- **Work instructions**
Leaving out all pictures, write down exactly the lines from the one containing "Classic 1 carat" through the last line of the material.

- **The records**
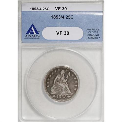 <B>1853/4 25C Arrows and Rays VF30 ANACS.</B></I> NGC Census: (0/26). PCGS Population (6/33). Numismedia Wsl. Price for NGC/PCGS coin in VF30: $284. (#5427)<BR><BR><B>Coin Engraver:</B> Christian Gobrecht<BR><BR><b>Shipping:</b> Coins & Currency (<a target="_blank" href="http://www.heritageauctions.com/common/shipping.php">view shipping information</a>)
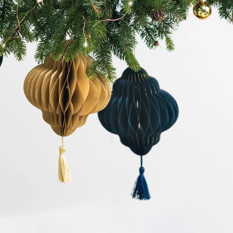 A beautiful dark navy honeycomb decoration with fancy tassel, perfect for celebrations! A lovely large honeycomb, perfect for your Christmas table, mantlepiece or to hang on a large tree.
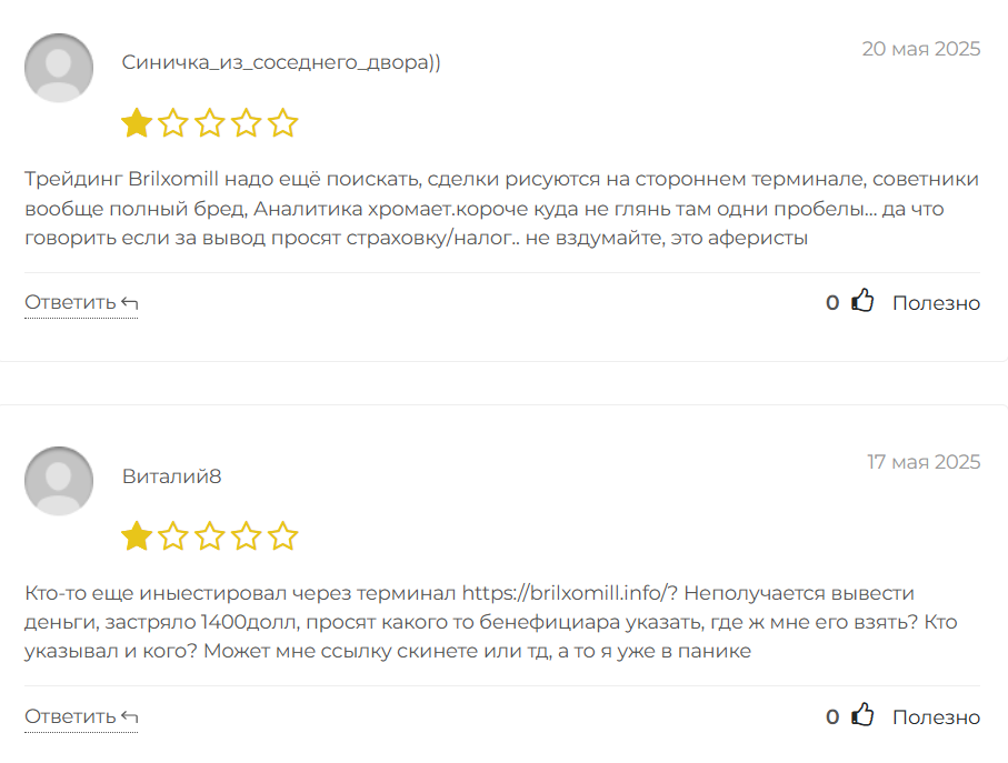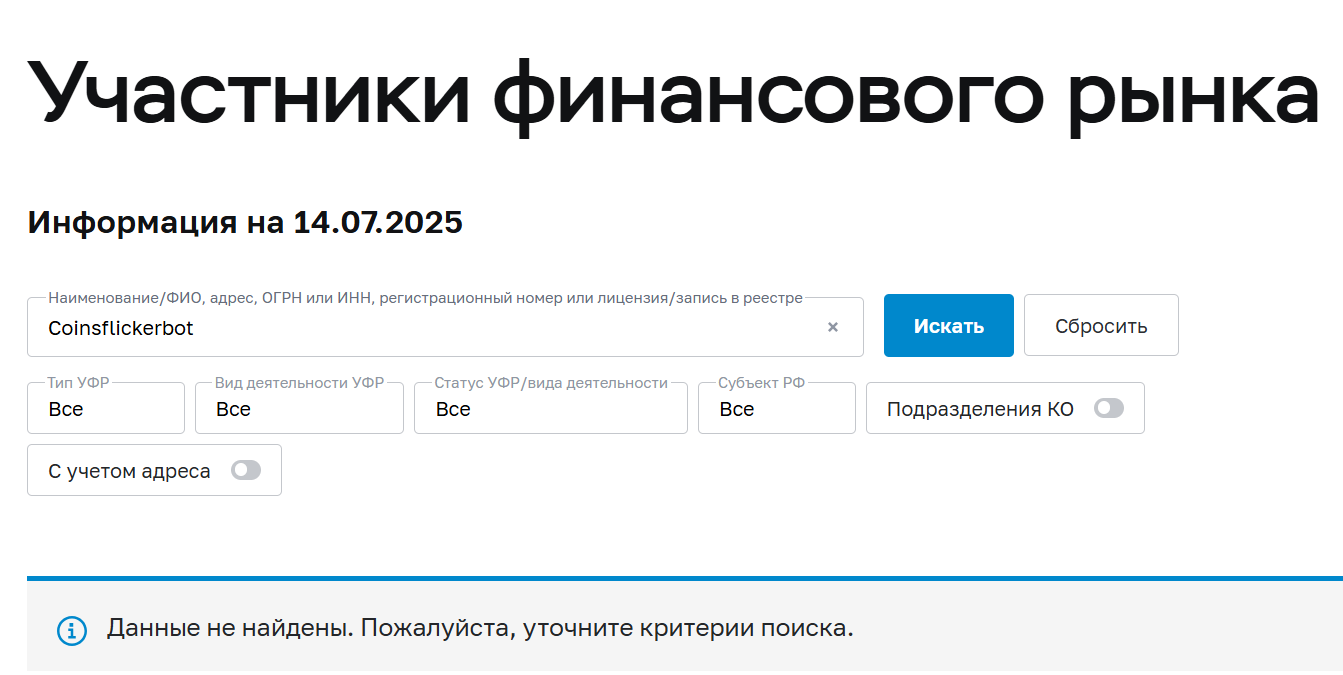 Во-вторых, юридический адрес, который использовала платформа Coinsflickerbot и Brilxomil, уже не раз уже упоминался на разных порталах. Все они были признаны мошенническими и прекратили свое существование.
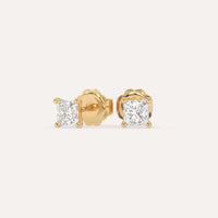 Classic 1 carat total diamond stud earrings for women, set with high brilliance white and eye clean lab diamonds in solid 14K yellow gold.
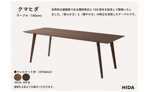 - 【飛騨の家具】HIDA クマヒダ テーブル ウォルナット 幅180(KP346U2)|飛騨高山 伝統工芸 匠 日本 和風 インテリア ダイニング 机 テーブル飛騨産業 CG454
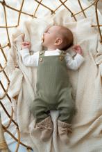 Zacht olijfgroen tuinbroekje voor baby's van Heppiejoe. Met houten knoopjes en drukkers – ideaal geboortepakje of tuinpakje voor jongens!

- **Answer to the problem**
 Classic 1 carat total diamond stud earrings for women, set with high brilliance white and eye clean lab diamonds in solid 14K yellow gold.
 - 【飛騨の家具】HIDA クマヒダ テーブル ウォルナット 幅180(KP346U2)|飛騨高山 伝統工芸 匠 日本 和風 インテリア ダイニング 机 テーブル飛騨産業 CG454
 Zacht olijfgroen tuinbroekje voor baby's van Heppiejoe. Met houten knoopjes en drukkers – ideaal geboortepakje of tuinpakje voor jongens!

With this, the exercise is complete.